* [Information given]
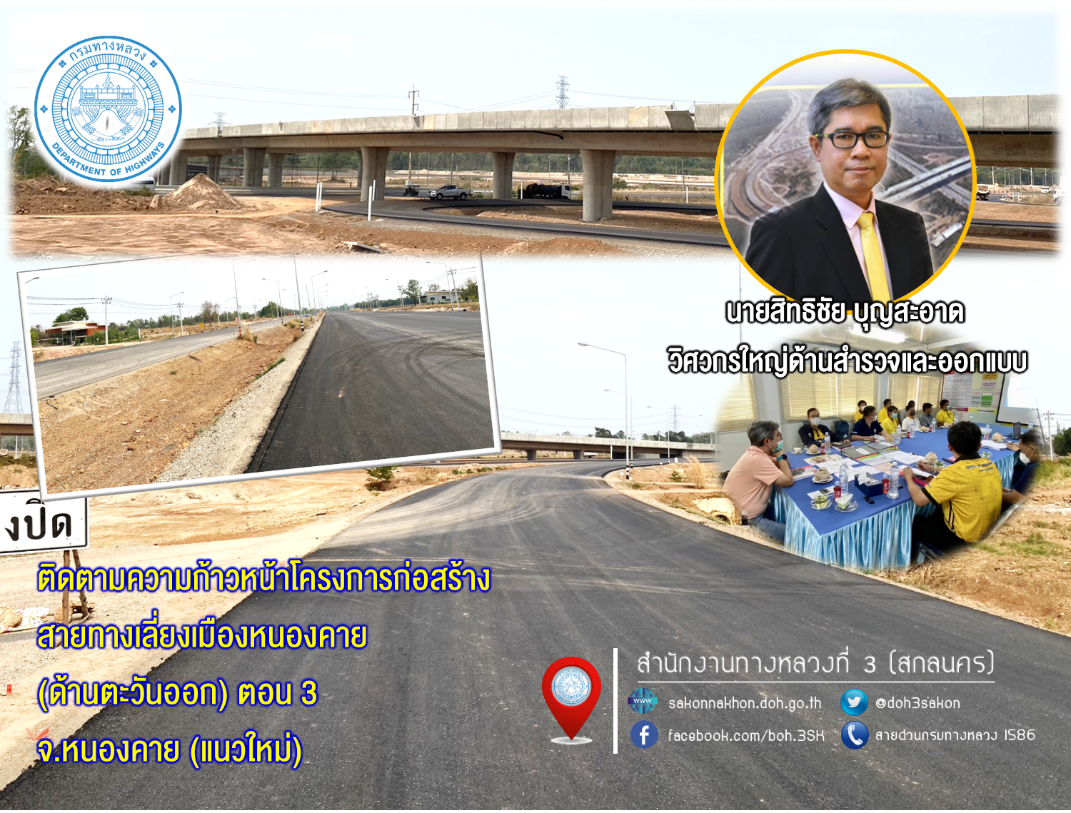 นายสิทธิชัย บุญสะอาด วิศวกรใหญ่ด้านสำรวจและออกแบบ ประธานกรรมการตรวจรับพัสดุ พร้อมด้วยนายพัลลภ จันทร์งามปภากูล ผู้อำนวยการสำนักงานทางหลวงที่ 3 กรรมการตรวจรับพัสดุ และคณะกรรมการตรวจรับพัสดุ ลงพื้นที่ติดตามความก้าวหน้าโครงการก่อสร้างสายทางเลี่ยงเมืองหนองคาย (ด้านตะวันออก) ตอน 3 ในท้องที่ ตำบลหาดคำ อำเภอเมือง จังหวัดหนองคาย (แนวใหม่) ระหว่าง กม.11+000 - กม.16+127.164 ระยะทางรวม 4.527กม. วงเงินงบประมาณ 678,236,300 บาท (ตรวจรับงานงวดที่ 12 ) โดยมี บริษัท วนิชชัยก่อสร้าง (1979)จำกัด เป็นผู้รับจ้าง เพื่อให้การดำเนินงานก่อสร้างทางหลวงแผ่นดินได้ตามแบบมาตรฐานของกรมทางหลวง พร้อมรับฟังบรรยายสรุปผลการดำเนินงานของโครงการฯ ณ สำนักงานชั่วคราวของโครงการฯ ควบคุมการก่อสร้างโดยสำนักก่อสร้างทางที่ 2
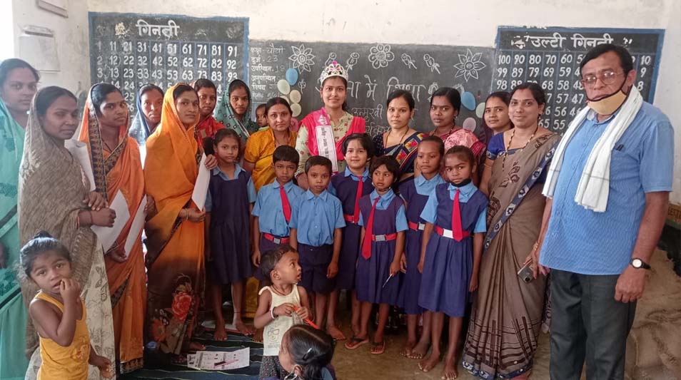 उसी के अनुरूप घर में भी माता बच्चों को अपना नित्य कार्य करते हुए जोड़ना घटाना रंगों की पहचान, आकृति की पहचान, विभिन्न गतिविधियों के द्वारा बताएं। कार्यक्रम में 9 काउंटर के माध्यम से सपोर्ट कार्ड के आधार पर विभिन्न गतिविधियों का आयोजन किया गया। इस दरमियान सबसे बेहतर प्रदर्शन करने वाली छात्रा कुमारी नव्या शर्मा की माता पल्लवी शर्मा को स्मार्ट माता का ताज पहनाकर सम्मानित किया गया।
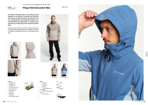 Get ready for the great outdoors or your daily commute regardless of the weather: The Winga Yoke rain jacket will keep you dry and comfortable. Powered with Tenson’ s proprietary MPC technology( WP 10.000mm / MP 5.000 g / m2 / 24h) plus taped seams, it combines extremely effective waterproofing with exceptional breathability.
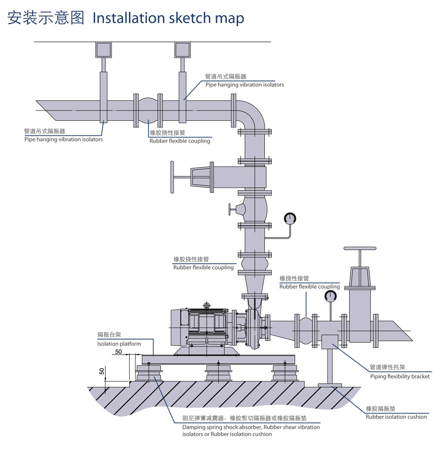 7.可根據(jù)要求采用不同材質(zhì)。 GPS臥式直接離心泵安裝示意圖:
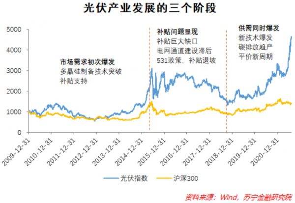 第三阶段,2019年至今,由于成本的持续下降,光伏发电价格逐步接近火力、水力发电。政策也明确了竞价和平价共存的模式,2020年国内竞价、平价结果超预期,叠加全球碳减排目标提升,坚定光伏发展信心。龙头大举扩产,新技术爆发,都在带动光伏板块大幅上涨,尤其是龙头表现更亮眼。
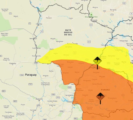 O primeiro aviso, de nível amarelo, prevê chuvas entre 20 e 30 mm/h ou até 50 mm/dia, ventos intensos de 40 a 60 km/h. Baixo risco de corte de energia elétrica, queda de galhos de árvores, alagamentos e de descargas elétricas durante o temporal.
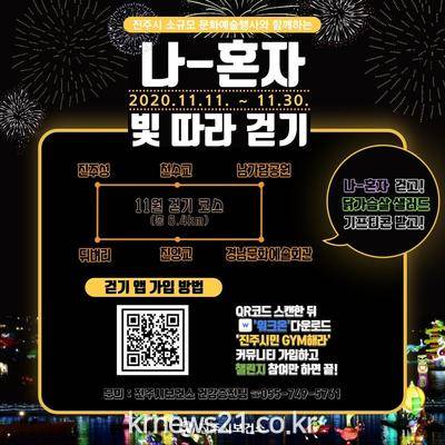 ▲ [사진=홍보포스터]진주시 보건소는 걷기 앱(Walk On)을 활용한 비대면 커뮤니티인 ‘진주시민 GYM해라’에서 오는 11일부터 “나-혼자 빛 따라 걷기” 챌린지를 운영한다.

==

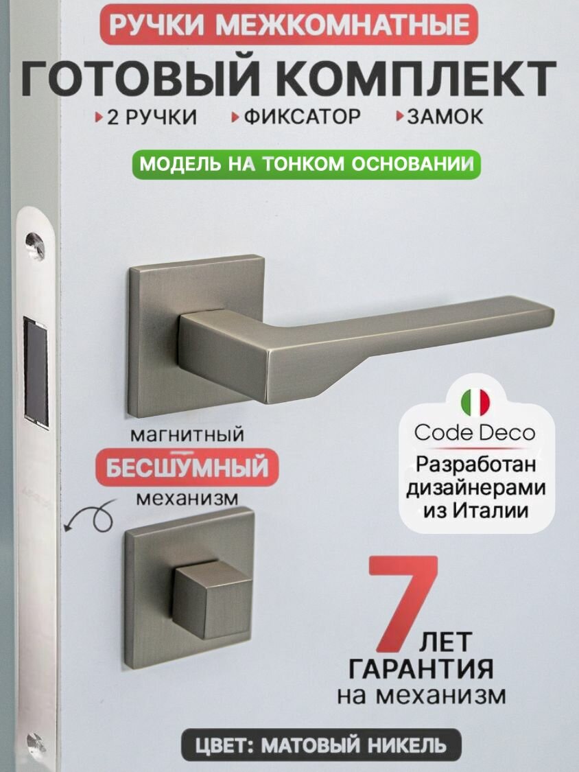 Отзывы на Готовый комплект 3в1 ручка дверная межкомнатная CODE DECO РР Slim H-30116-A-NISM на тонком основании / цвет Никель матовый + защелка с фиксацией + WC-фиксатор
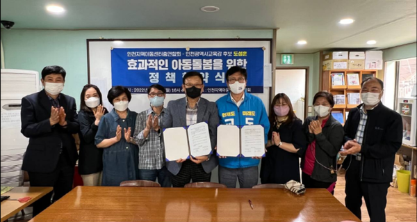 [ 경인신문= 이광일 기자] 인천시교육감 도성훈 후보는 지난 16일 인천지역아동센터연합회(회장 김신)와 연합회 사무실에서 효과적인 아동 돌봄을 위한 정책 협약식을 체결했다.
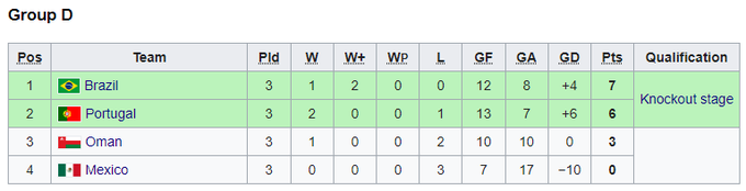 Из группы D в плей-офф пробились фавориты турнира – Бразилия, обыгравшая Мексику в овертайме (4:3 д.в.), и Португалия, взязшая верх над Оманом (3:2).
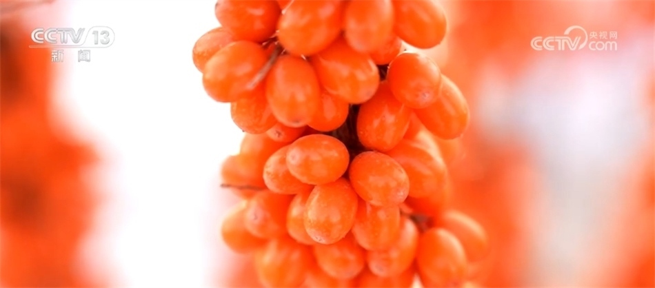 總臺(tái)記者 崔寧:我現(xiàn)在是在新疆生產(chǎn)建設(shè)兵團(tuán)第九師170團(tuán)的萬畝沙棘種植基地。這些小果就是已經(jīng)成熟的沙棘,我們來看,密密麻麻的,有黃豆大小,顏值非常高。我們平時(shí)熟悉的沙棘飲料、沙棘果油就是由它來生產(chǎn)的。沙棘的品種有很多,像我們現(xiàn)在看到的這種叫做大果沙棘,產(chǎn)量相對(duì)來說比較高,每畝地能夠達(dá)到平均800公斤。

==

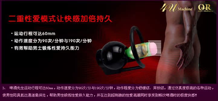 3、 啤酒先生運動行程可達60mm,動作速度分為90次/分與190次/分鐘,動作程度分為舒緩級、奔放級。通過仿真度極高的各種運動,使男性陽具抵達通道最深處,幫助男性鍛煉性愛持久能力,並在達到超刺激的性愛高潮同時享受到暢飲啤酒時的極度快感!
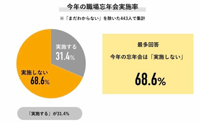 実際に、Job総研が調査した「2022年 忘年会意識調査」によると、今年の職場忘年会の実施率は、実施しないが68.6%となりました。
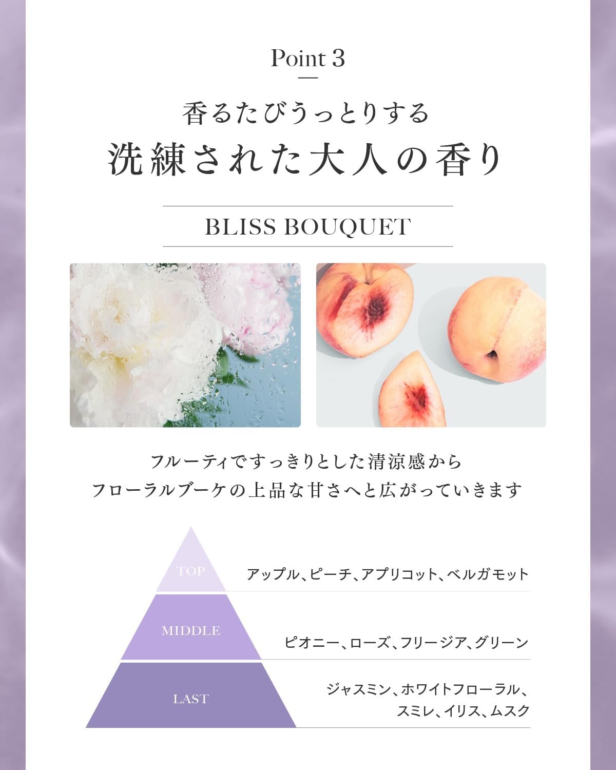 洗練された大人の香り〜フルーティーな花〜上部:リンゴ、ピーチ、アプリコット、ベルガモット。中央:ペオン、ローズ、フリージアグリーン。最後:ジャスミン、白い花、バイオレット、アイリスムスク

* [About this exercise] In the data above, take the line with "นายสิทธิชัย บุญสะอาด วิศวกรใหญ่ด้านสำรวจและออกแบบ", the line with "第三阶段,2019年至今,由", and every line between, and set them down exactly without pictures.

* [Completed exercise]
 นายสิทธิชัย บุญสะอาด วิศวกรใหญ่ด้านสำรวจและออกแบบ ประธานกรรมการตรวจรับพัสดุ พร้อมด้วยนายพัลลภ จันทร์งามปภากูล ผู้อำนวยการสำนักงานทางหลวงที่ 3 กรรมการตรวจรับพัสดุ และคณะกรรมการตรวจรับพัสดุ ลงพื้นที่ติดตามความก้าวหน้าโครงการก่อสร้างสายทางเลี่ยงเมืองหนองคาย (ด้านตะวันออก) ตอน 3 ในท้องที่ ตำบลหาดคำ อำเภอเมือง จังหวัดหนองคาย (แนวใหม่) ระหว่าง กม.11+000 - กม.16+127.164 ระยะทางรวม 4.527กม. วงเงินงบประมาณ 678,236,300 บาท (ตรวจรับงานงวดที่ 12 ) โดยมี บริษัท วนิชชัยก่อสร้าง (1979)จำกัด เป็นผู้รับจ้าง เพื่อให้การดำเนินงานก่อสร้างทางหลวงแผ่นดินได้ตามแบบมาตรฐานของกรมทางหลวง พร้อมรับฟังบรรยายสรุปผลการดำเนินงานของโครงการฯ ณ สำนักงานชั่วคราวของโครงการฯ ควบคุมการก่อสร้างโดยสำนักก่อสร้างทางที่ 2
 उसी के अनुरूप घर में भी माता बच्चों को अपना नित्य कार्य करते हुए जोड़ना घटाना रंगों की पहचान, आकृति की पहचान, विभिन्न गतिविधियों के द्वारा बताएं। कार्यक्रम में 9 काउंटर के माध्यम से सपोर्ट कार्ड के आधार पर विभिन्न गतिविधियों का आयोजन किया गया। इस दरमियान सबसे बेहतर प्रदर्शन करने वाली छात्रा कुमारी नव्या शर्मा की माता पल्लवी शर्मा को स्मार्ट माता का ताज पहनाकर सम्मानित किया गया।
 Get ready for the great outdoors or your daily commute regardless of the weather: The Winga Yoke rain jacket will keep you dry and comfortable. Powered with Tenson’ s proprietary MPC technology( WP 10.000mm / MP 5.000 g / m2 / 24h) plus taped seams, it combines extremely effective waterproofing with exceptional breathability.
 7.可根據(jù)要求采用不同材質(zhì)。 GPS臥式直接離心泵安裝示意圖:
 第三阶段,2019年至今,由于成本的持续下降,光伏发电价格逐步接近火力、水力发电。政策也明确了竞价和平价共存的模式,2020年国内竞价、平价结果超预期,叠加全球碳减排目标提升,坚定光伏发展信心。龙头大举扩产,新技术爆发,都在带动光伏板块大幅上涨,尤其是龙头表现更亮眼。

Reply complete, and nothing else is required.